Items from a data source
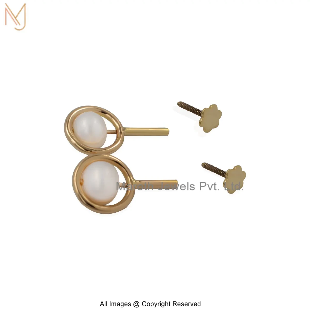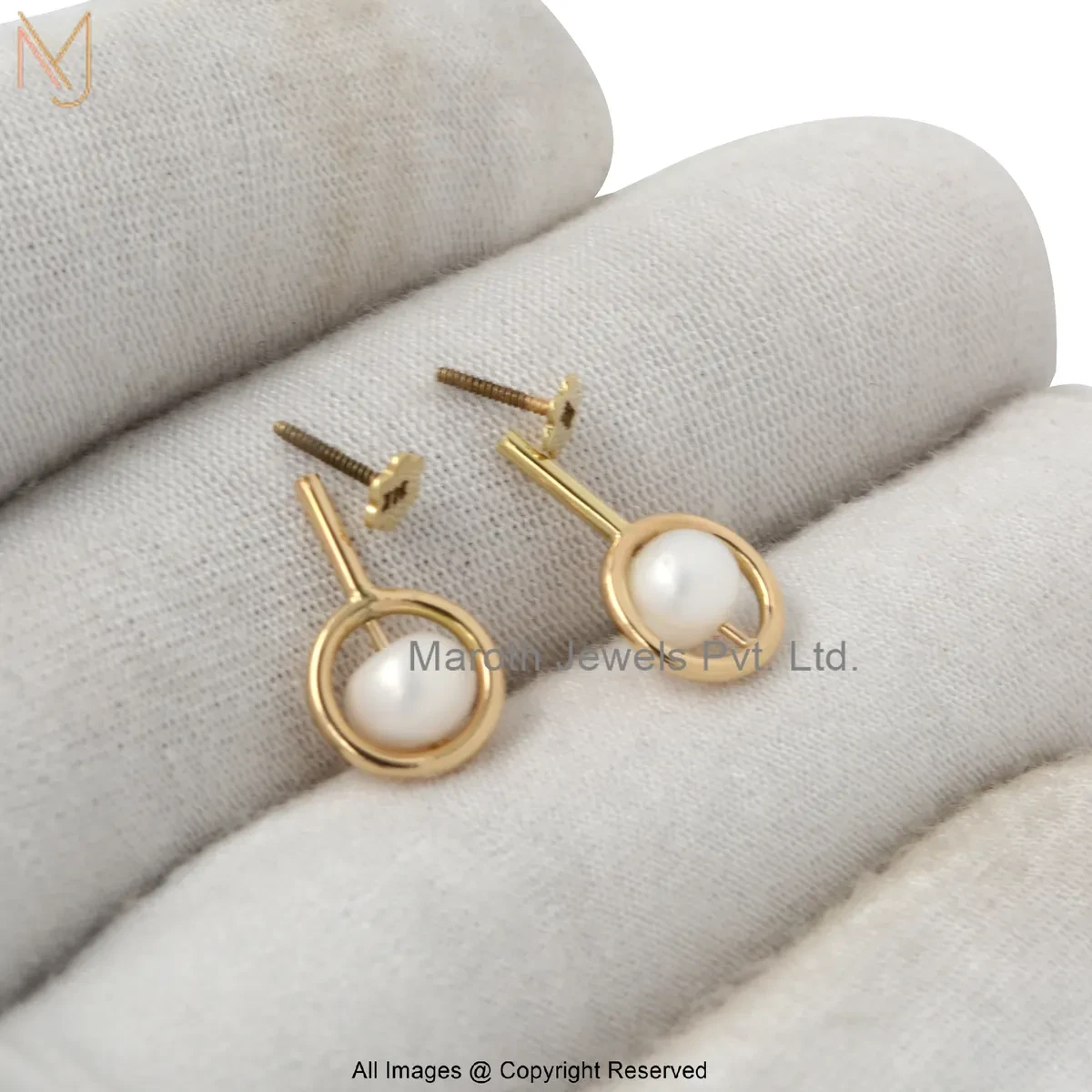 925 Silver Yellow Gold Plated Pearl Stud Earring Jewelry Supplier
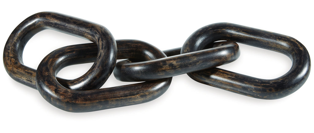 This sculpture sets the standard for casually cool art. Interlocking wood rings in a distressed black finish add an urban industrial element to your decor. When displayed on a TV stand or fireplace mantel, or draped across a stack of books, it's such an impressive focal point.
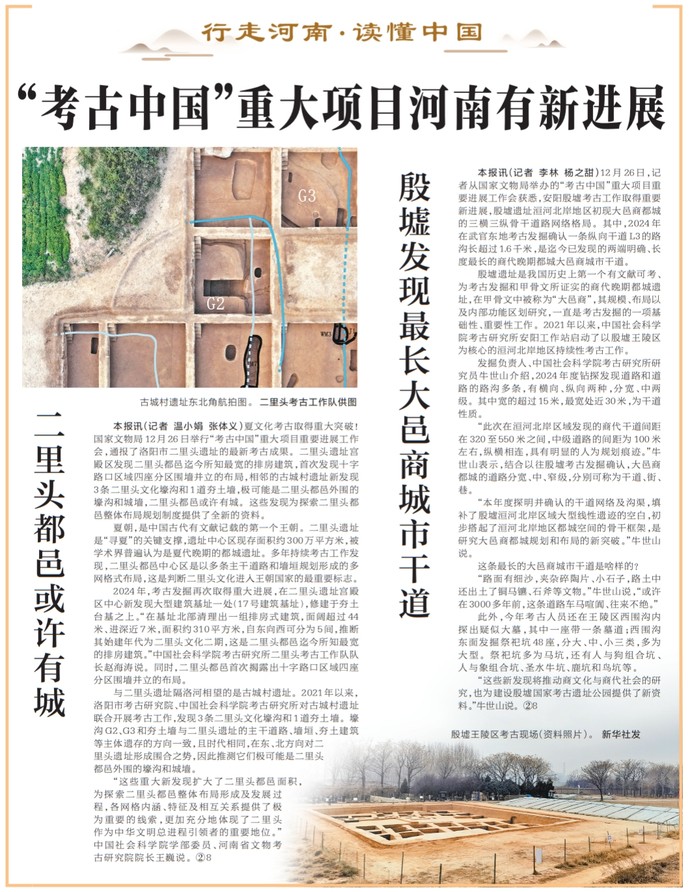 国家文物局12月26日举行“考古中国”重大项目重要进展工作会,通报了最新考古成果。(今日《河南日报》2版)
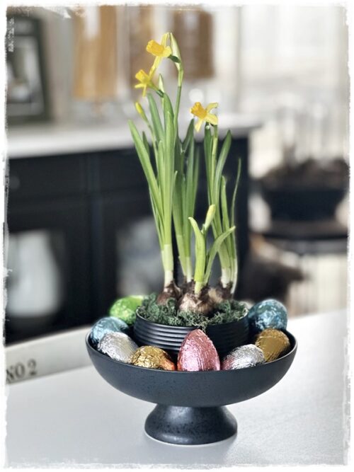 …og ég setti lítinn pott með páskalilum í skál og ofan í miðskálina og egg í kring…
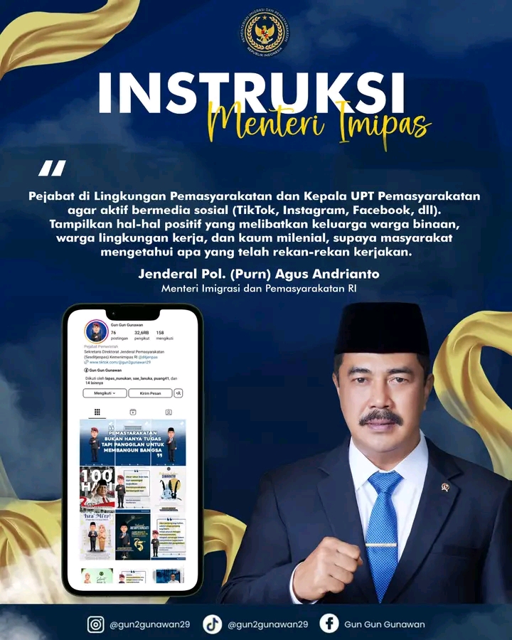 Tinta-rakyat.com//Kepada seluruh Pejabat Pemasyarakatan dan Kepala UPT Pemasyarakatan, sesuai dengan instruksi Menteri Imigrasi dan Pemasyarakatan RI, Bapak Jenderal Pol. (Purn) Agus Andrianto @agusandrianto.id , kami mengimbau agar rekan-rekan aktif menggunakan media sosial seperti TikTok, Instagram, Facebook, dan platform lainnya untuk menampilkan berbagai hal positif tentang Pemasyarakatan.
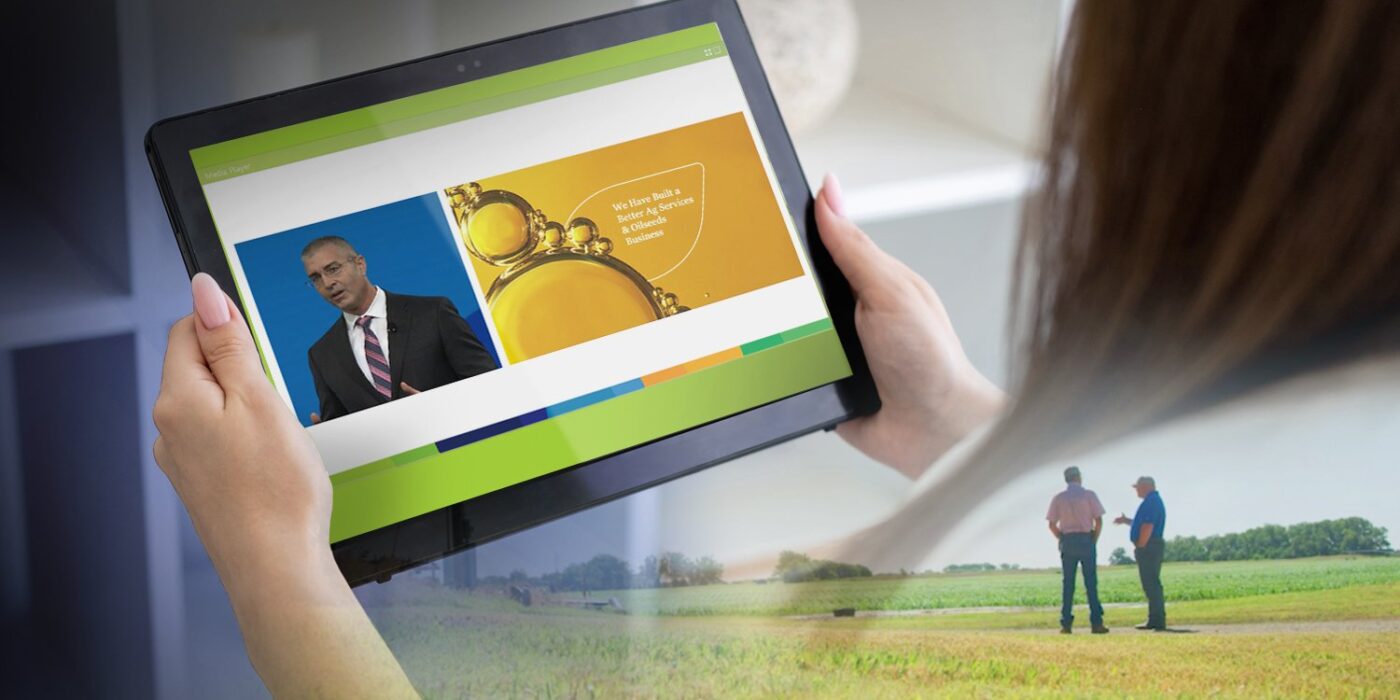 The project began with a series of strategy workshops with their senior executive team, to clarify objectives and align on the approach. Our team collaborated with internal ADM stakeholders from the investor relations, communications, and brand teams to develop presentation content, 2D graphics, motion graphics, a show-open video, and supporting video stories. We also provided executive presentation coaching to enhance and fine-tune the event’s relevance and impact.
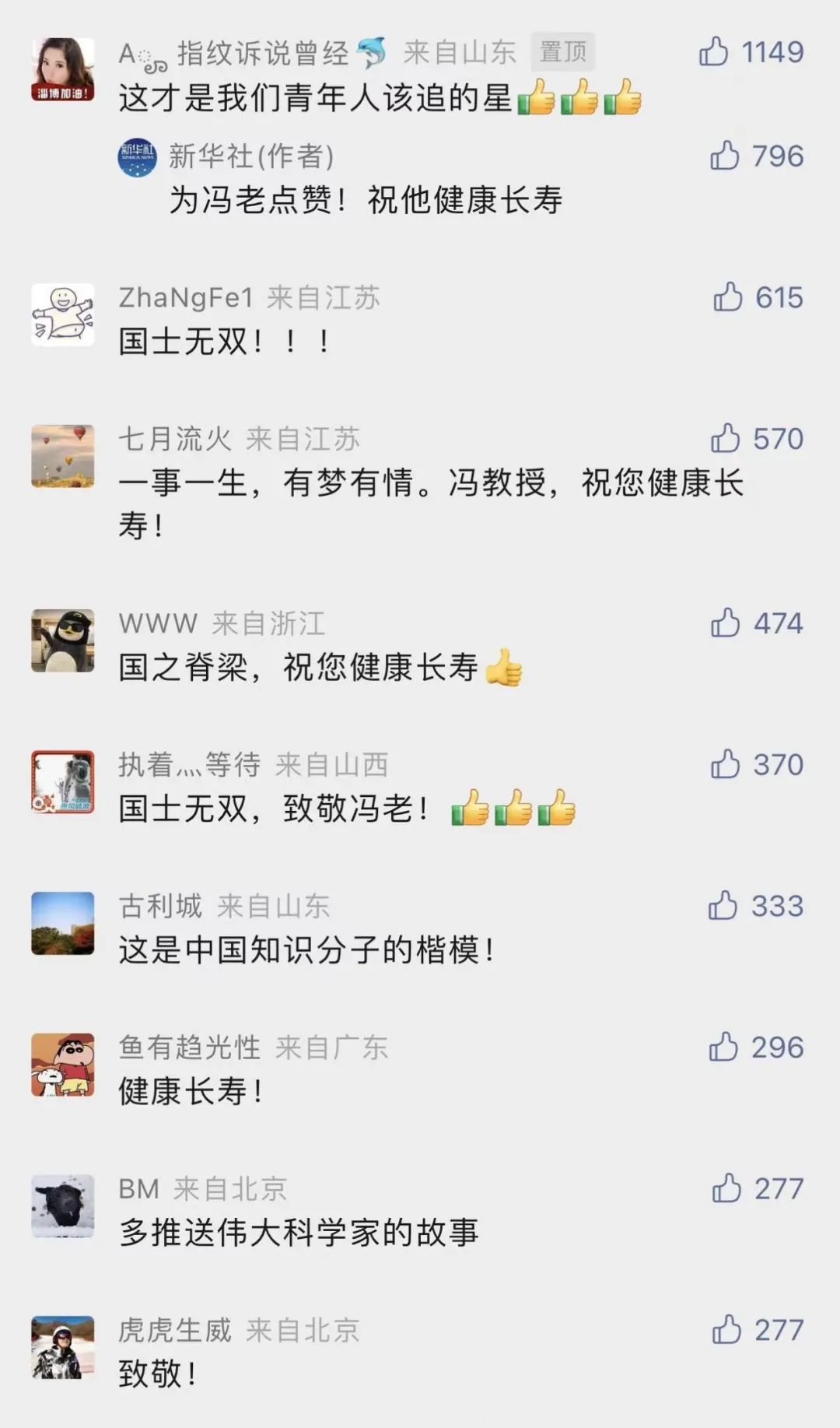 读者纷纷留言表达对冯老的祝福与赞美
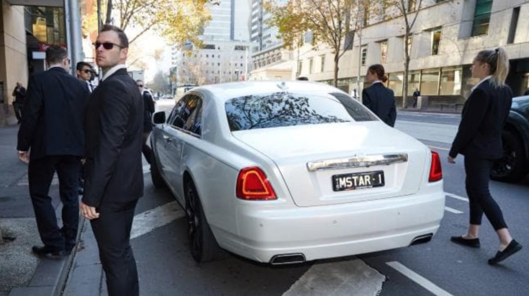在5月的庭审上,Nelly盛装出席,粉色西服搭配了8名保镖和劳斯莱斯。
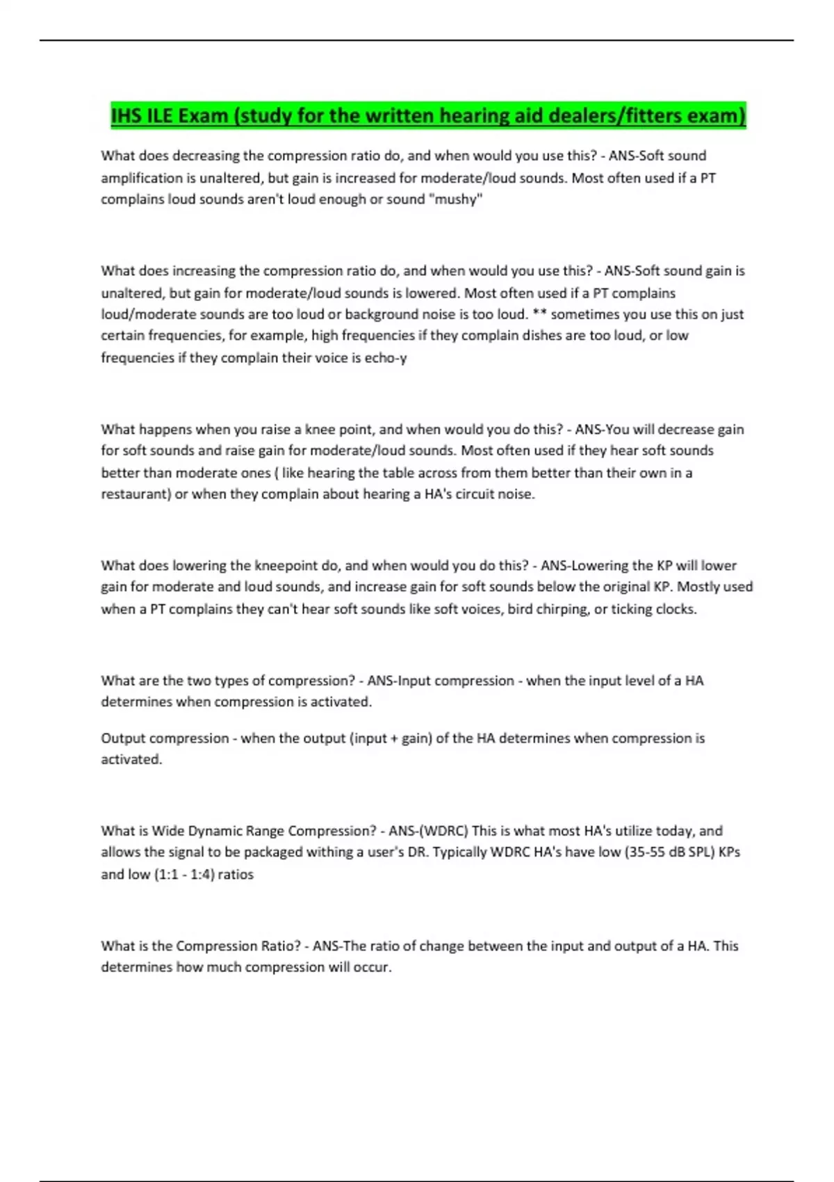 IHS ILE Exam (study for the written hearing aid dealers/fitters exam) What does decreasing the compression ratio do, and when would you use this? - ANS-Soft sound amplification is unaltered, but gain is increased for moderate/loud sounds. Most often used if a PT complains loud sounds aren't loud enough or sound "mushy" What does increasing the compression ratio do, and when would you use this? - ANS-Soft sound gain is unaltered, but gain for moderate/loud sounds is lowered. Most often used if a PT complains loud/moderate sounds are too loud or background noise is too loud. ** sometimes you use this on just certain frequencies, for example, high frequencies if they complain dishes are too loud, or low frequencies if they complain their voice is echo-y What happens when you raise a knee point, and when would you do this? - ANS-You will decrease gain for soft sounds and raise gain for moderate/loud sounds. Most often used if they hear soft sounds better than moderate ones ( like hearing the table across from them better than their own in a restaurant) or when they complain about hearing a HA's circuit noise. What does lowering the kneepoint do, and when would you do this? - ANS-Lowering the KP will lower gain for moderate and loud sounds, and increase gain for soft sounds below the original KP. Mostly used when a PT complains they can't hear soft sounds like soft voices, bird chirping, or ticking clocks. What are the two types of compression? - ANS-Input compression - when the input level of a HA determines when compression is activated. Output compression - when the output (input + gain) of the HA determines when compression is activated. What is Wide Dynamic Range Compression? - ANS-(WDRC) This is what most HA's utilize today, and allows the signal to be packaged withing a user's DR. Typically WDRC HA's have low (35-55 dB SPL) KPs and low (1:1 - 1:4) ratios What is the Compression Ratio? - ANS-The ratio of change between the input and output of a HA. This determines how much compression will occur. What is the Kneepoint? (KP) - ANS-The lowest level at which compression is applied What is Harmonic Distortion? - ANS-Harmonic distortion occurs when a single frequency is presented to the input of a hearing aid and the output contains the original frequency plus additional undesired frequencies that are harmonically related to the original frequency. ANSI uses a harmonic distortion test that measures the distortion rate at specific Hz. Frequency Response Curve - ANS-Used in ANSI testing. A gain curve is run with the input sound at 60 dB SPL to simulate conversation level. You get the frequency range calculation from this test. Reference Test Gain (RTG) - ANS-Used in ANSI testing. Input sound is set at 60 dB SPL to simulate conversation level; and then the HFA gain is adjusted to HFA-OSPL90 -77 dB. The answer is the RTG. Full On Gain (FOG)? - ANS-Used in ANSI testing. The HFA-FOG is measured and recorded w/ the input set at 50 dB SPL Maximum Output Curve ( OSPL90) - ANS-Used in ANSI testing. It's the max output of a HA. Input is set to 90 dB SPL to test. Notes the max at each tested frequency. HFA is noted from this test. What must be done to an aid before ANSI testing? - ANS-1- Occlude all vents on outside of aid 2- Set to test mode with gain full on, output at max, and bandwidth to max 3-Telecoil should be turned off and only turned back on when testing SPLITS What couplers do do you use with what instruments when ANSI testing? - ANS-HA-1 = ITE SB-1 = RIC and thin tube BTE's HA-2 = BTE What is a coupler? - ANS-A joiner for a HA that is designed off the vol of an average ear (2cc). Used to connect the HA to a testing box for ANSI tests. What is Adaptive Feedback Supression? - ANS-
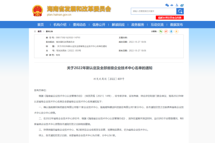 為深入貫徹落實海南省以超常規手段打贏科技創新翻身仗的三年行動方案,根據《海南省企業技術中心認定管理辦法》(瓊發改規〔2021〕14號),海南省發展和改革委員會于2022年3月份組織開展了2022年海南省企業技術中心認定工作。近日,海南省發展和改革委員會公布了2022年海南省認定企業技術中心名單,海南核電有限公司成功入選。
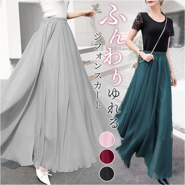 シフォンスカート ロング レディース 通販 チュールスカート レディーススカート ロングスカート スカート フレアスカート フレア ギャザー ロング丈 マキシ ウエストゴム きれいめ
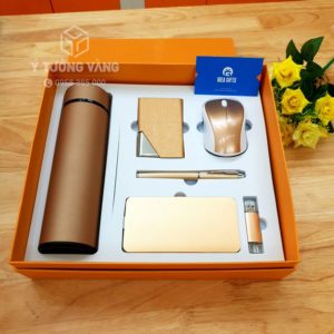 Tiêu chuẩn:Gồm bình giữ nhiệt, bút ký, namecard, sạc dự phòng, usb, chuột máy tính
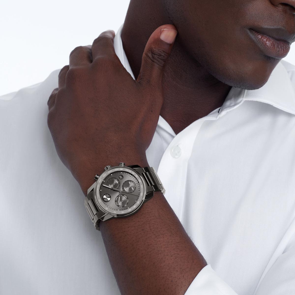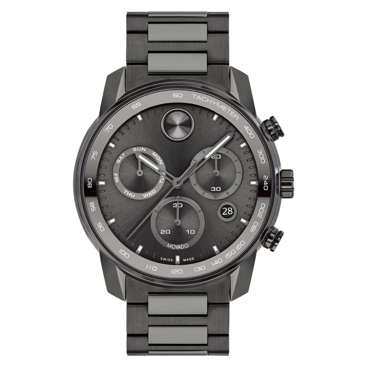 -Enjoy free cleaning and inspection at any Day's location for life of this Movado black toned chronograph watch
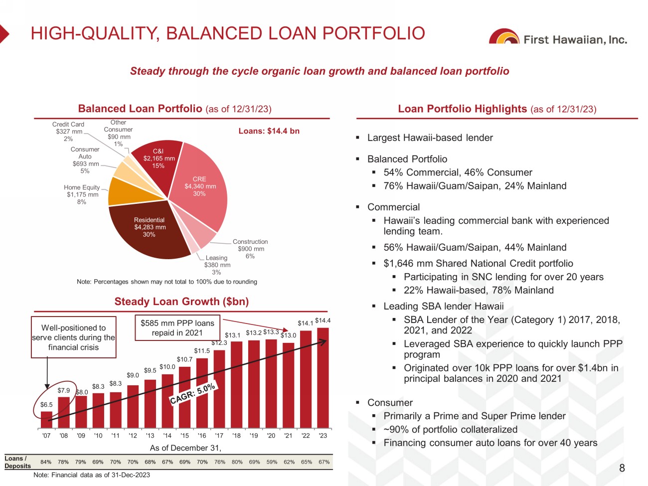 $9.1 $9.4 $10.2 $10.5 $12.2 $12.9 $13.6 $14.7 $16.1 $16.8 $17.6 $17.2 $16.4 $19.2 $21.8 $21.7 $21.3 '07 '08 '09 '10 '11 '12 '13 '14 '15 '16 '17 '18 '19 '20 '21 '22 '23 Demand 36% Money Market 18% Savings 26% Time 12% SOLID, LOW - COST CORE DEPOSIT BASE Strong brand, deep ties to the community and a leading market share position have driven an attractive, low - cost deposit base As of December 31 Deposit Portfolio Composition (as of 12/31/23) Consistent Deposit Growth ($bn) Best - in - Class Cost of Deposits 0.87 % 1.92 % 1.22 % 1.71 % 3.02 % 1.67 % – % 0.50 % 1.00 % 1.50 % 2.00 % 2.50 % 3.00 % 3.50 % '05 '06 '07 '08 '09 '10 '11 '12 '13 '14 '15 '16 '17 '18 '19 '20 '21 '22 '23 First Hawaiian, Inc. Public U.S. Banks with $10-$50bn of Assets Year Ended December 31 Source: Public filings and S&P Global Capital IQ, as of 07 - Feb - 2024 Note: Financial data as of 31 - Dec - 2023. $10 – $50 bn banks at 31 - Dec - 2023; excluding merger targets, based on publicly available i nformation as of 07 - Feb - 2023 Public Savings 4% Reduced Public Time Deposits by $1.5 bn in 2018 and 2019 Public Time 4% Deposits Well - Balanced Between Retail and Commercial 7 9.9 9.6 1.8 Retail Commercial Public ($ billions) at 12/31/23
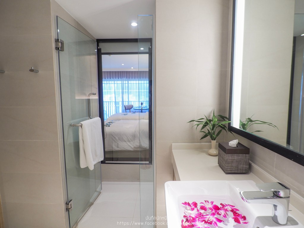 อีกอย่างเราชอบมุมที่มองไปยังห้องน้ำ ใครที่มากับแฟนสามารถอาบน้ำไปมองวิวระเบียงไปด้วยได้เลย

* ASSIGNMENT
In the entries above, which lines run from the one with "读者纷纷留言表达对冯老的祝福与赞美" up to and including the one with "在5月的庭审上,Nelly盛装出席,粉色西服搭配了8名保镖和劳斯莱斯。"? Write them out exactly, without the pictures.

* EXERCISE SOLUTION
 读者纷纷留言表达对冯老的祝福与赞美
在5月的庭审上,Nelly盛装出席,粉色西服搭配了8名保镖和劳斯莱斯。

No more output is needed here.